Anche dopo tutto quello che Facebook le ha fatto passare, Zhang si incolpa di default. Nella sua nota, si è scusata con i colleghi per qualsiasi problema che avrebbe potuto causare loro e per averli lasciati senza ottenere di più. In un reddit AMA mesi dopo, si è scusata con i cittadini di diversi paesi per non aver agito abbastanza velocemente e per non aver trovato una soluzione a lungo termine. Con me, Zhang, che ha un disturbo dello spettro autistico, si chiede ad alta voce cosa avrebbe potuto ottenere se non lo fosse stata. “Non ho talento per la persuasione e il convincere”, spiega. “Non ho mai odiato il mio autismo più di quando mi sono iscritta a Facebook”.

Prima della pubblicazione, Zhang ha fatto un ultimo sacrificio: nascondere la sua identità trans, non per paura di molestie, ma per il timore che potesse distrarre dal suo messaggio. Negli Stati Uniti, dove i diritti dei transgender sono altamente politicizzati, non voleva che proteggere la democrazia diventasse una questione di parte. All’estero, dove alcuni paesi considerano l’essere transgender un crimine punibile con il carcere o addirittura con la morte, non voleva che le persone smettessero di ascoltare.

Era in linea con un sacrificio che aveva ripetutamente fatto quando controllava le interferenze elettorali a livello globale. Ha trattato tutti i politici allo stesso modo, anche quando rimuovere la falsa attività di un personaggio in Azerbaigian ha inevitabilmente favorito un avversario omofobico

La notte in cui sono stati pubblicati gli articoli del “Guardian”, ha atteso con ansia la reazione del pubblico, non sapendo se sarebbe stata in grado di gestire l’attenzione dei media. “Penso che in realtà si sia sorpresa di quanto fosse brava nelle interviste”, dice la sua ragazza, Lisa Danz, con cui Zhang si è incontrata dopo aver lasciato Facebook. “Ha scoperto che quando c’è del materiale che conosce molto bene e le vengono poste solo domande al riguardo, si muove molto bene”.

L’impatto alla fine non è stato all’altezza di quanto previsto da Zhang.
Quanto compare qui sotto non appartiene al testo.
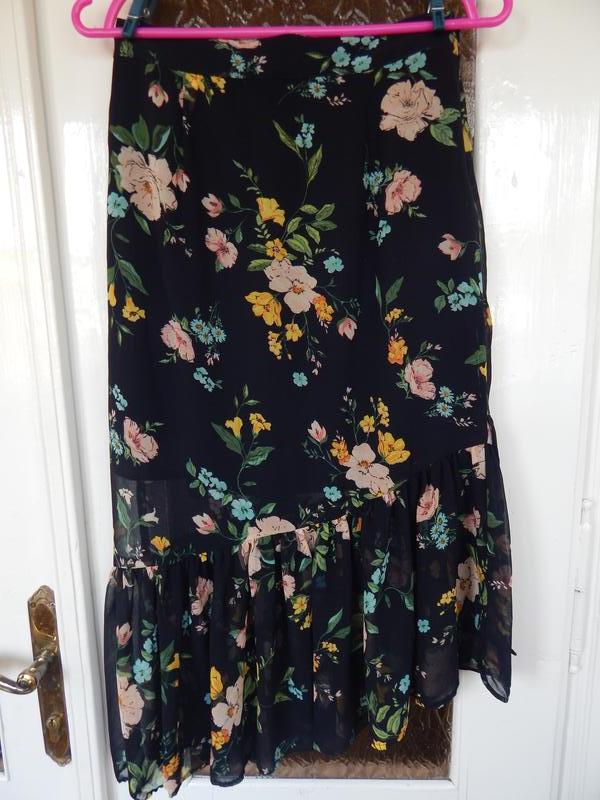 ПОТ 33-34см, ПОБ 44-45см, довжина з правого боку юбки 66 см, з лівого 80см, ширина волана 27см
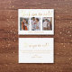 eleganten tackar dig för tre foton bröllop kollage minimalistisk guld-handskriftskort på två sidor, på baksidan tack för ditt budskap.
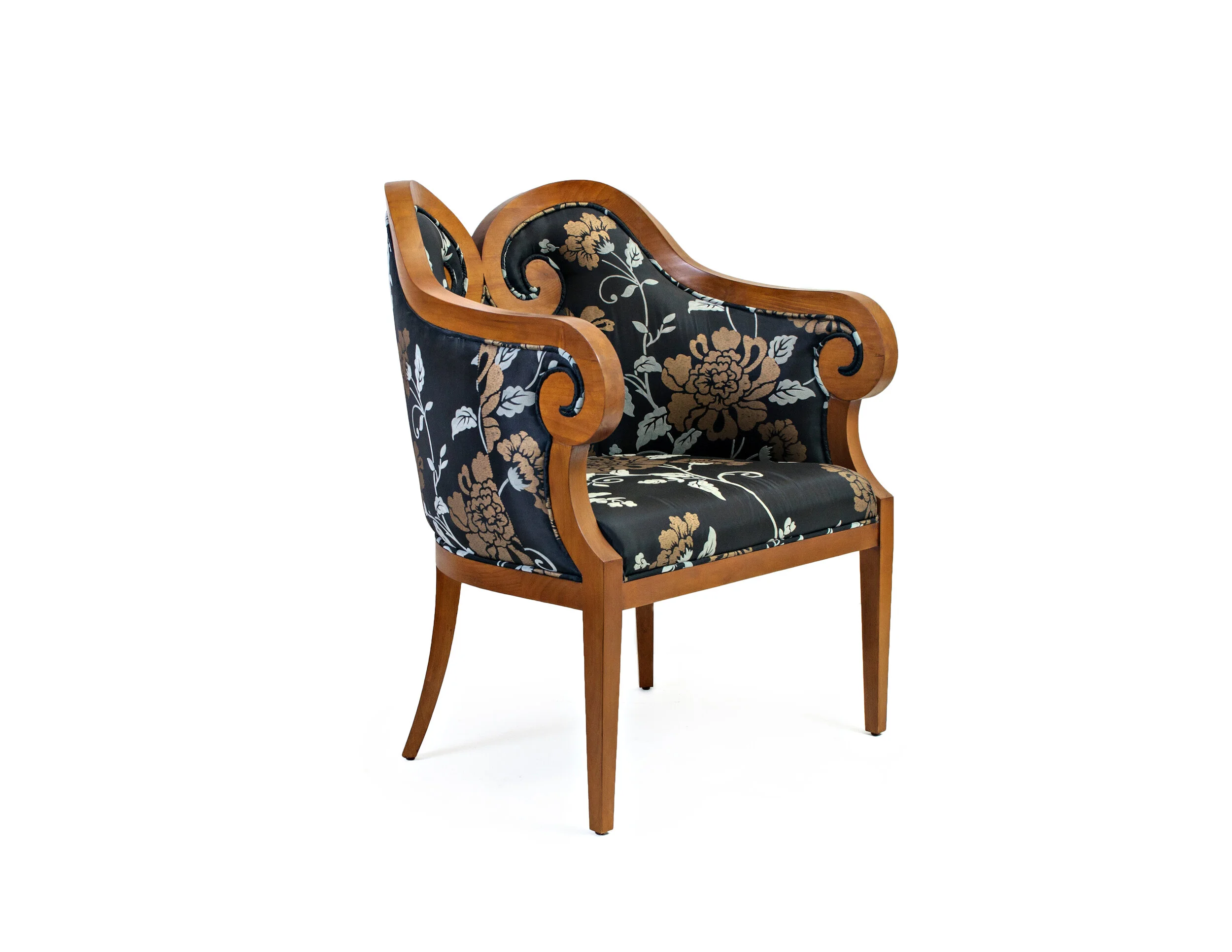 Dimensions 700 x 670 x 920 mm ht. 27 1/2" x 26 1/2" x 36 1/4" ht.Finish Fully Upholstered in Wood in Medium Brown Finish
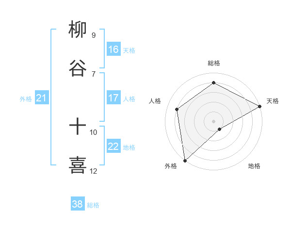 柳谷 十喜さんの天格は16画の5点!
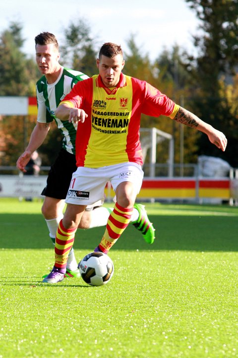 8 29-10-2016: Voetbal: CSV Apeldoorn v SC Genemuiden: Apeldoorn / Wouter van der Meulen (l) of Genemuiden, Rob Diderik (r) of CSV Apeldoorn /
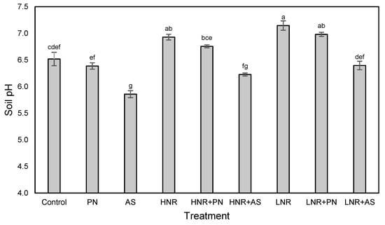 Soil pH during a 60 d aerobic incubation involving an unamended control and the following eight treatments: potassium nitrate (PN), ammonium sulfate (AS), high N residue (HNR) with or without PN (HNR + PN) or AS (HNR + AS), and low N residue (LNR) with or without PN (LNR + PN) or AS (LNR + AS). Data shown as a mean from duplicate incubations for 7 and 60 d with standard error bars. Treatments do not differ significantly (p < 0.05) when bars are accompanied by the same letter.
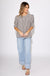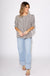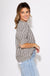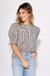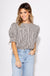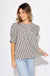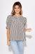 Sharp lines meet soft details in this striking black stripe pattern pullover top. With structured short sleeves, a round neckline, and button-front closure, it blends crisp tailoring with feminine flair.

Diversi media negli Stati Uniti hanno fatto pezzi di follow-up, così come alcuni organi d’informazione di paesi colpiti dalla attività di manipolazione. Ma per quanto ne sa, non ha ottenuto ciò che sperava: uno scandalo di pubbliche relazioni abbastanza grande da far sì che Facebook faccia quanto richiesto.

L’azienda contesta ancora una volta questa ricostruzione, affermando che il team ha continuato il lavoro di Zhang. Ma lei indica altre prove: la rete di pagine false in Azerbaigian è ancora lì. “È chiaro che non sono intervenuti”, dice. Tuttavia, Zhang non si pente della sua decisione di farsi avanti. “Ero l’unica in questa posizione di responsabilità fin dall’inizio”, afferma, “e qualcuno doveva assumersi la responsabilità e fare il massimo per proteggere le persone”.

Senza perdere un colpo, poi snocciola le conseguenze che altri hanno dovuto affrontare per essersi scontrati con i potenti in paesi più ostili: giornalisti assassinati per aver indagato sulla corruzione del governo, manifestanti uccisi per aver registrato il loro dissenso. “Rispetto a loro, io sono poca cosa”, conclude.